Question

show the vector 4i^+13j^-18k^,i^-2j^+3k^and 2i^+3j^-4k^are coplaner​

Answer 1

Answer:

Solution:If Vector A=4i+13j-18k is a linear combination of the vectors, B= i-2j+3k & C=2i+3j-4k , thenA=u B + m C4 i+13 j-18 k= u( i ...

please follow me

Answer 2

We have to show that the vectors 4i + 13j - 18k , i - 2j + 3k and 2i + 3j - 4k are coplanar.

What is coplanar ?

Coplanar vectors are the vectors which lie one the same plane.

Condition of coplanar :

• if three vectors A , B and C are coplanar vectors , then the their scalar triple product must be zero. i.e., A.(B × C) = 0
• if there are many vectors are in 3d space linearly independent then these are coplanar vectors.

here A = 4i + 13j - 18k

B = i - 2j + 3k

C = 2i + 3j - 4k

∴ (B × C) = (i - 2j + 3k) × (2i + 3j - 4k)

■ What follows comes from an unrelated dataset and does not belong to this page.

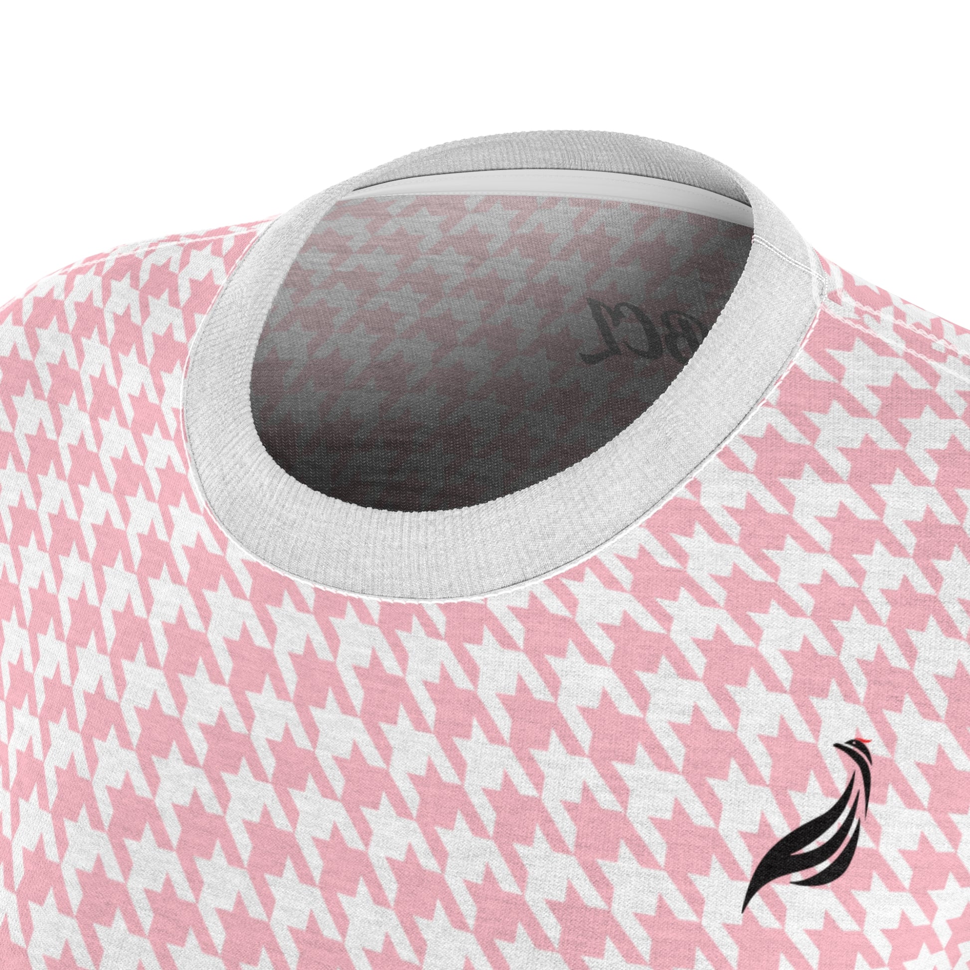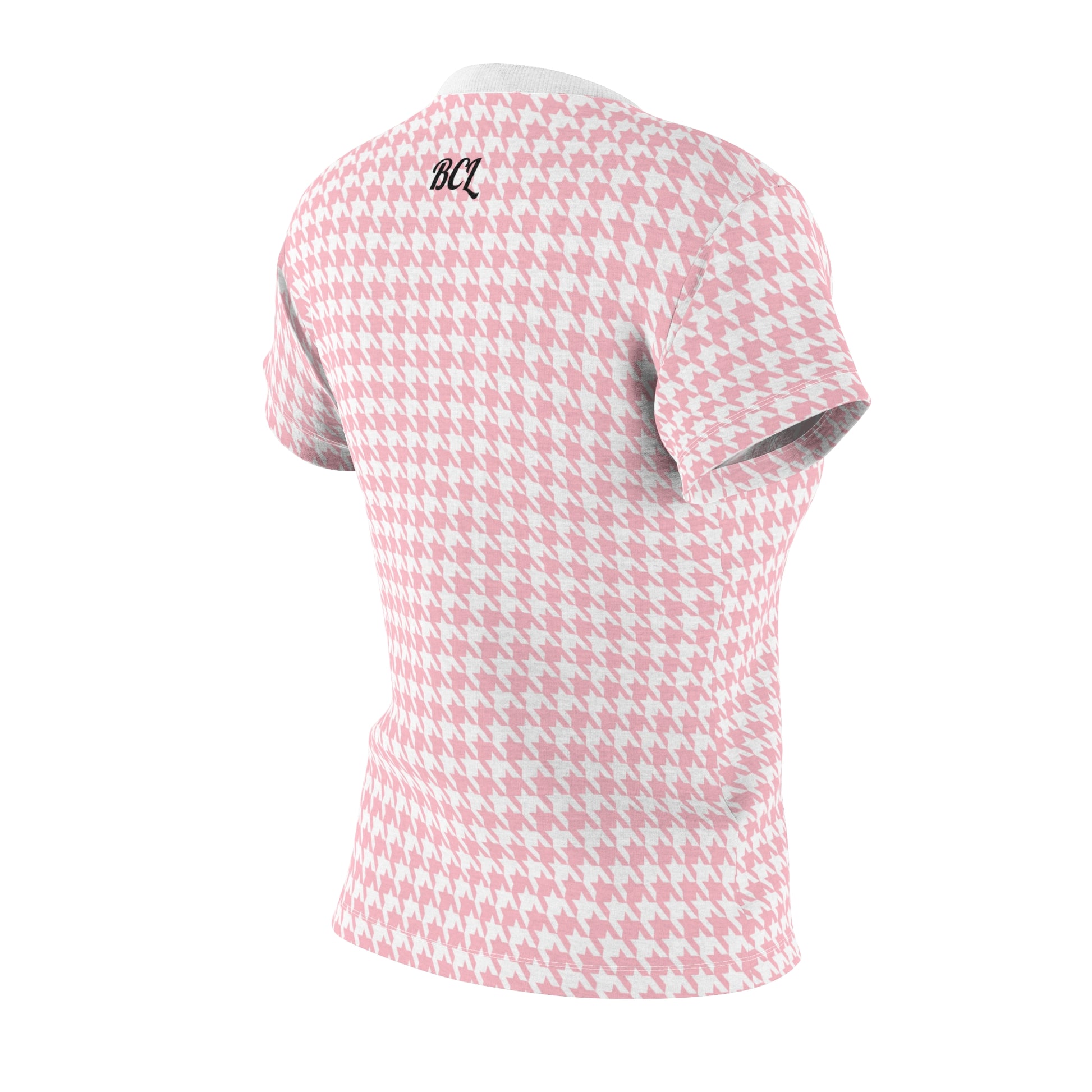 Elevate your wardrobe with the Pink Houndstooth Elegance Women's Tee, where fashion meets comfort, and make a bold statement that aligns with the values of Blackcock Clothing Label – resilience, power, and determination.

= i (-2 × -4 - 3 × 3) - j(1 × -4 - 3 × 2) + k(1 × 3 - 2 × -2)

= i( 8 - 9) - j(-4 - 6) + k(3 + 4)

= -i + 10j + 7k

now A.(B × C) = (4i + 13j - 18k).(-i + 10j + 7j)

= 4 × -1 + 13 × 10 - 18 × 7

= -4 + 130 - 126

= 130 - 130

= 0

∴ A.(B × C) = 0

here it is clear that, it follows the condition of coplanar , hence these all three vectors are coplanar.